- [Supplied data]
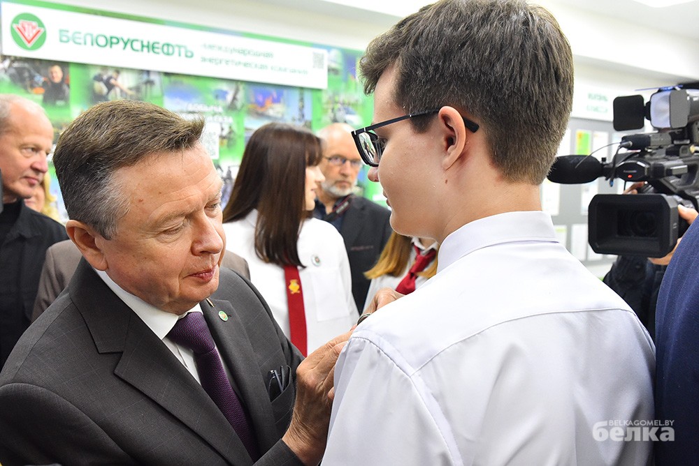 «Наша компания находится на подъёме. Растут объёмы работ, прежде всего, добыча нефти. Всё стремительно меняется и совершенствуется, во многом благодаря процессам цифровизации. Так что когда вы придёте к нам на работу, то увидите уже совершенно новую «Белоруснефть». Помимо чисто нефтяных специальностей, таких как геофизика, геология, технология добычи нефти, во всех сферах деятельности предприятия у нас представлены профессии народного хозяйства. Работа есть, дело за вами», – обрисовал перспективы сотрудничества с гимназией генеральный директор ПО «Белоруснефть» Александр Ляхов.
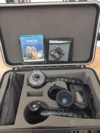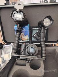 vendo per inutilizzo set per riprese subacquee perfettamente funzionante, come da foto è tutto conservato con la massima accortezza. Non è presente la fotocamera in quanto rotta dopo utilizzo.
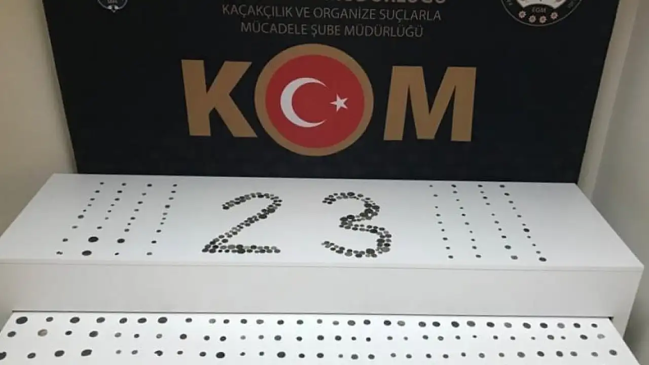 İl Emniyet Müdürlüğü Kaçakçılık ve Organize Suçlarla Mücadele (KOM) Şube Müdürlüğü ekipleri, R.K.'nin (41) elindeki tarihi sikkeleri satmaya çalıştığı bilgisine ulaştı. R.K.'yi takibe alan ekipler, şüpheliyi suçüstü yakalayarak gözaltına aldı. Büyük Selçuklu ve sonrası döneme ait olduğu değerlendirilen 470 sikkeye el konuldu.

- [Goal of the exercise] Set down the whole listing exactly as given, except for the pictures.

- [Solution below]
 «Наша компания находится на подъёме. Растут объёмы работ, прежде всего, добыча нефти. Всё стремительно меняется и совершенствуется, во многом благодаря процессам цифровизации. Так что когда вы придёте к нам на работу, то увидите уже совершенно новую «Белоруснефть». Помимо чисто нефтяных специальностей, таких как геофизика, геология, технология добычи нефти, во всех сферах деятельности предприятия у нас представлены профессии народного хозяйства. Работа есть, дело за вами», – обрисовал перспективы сотрудничества с гимназией генеральный директор ПО «Белоруснефть» Александр Ляхов.
 vendo per inutilizzo set per riprese subacquee perfettamente funzionante, come da foto è tutto conservato con la massima accortezza. Non è presente la fotocamera in quanto rotta dopo utilizzo.
 İl Emniyet Müdürlüğü Kaçakçılık ve Organize Suçlarla Mücadele (KOM) Şube Müdürlüğü ekipleri, R.K.'nin (41) elindeki tarihi sikkeleri satmaya çalıştığı bilgisine ulaştı. R.K.'yi takibe alan ekipler, şüpheliyi suçüstü yakalayarak gözaltına aldı. Büyük Selçuklu ve sonrası döneme ait olduğu değerlendirilen 470 sikkeye el konuldu.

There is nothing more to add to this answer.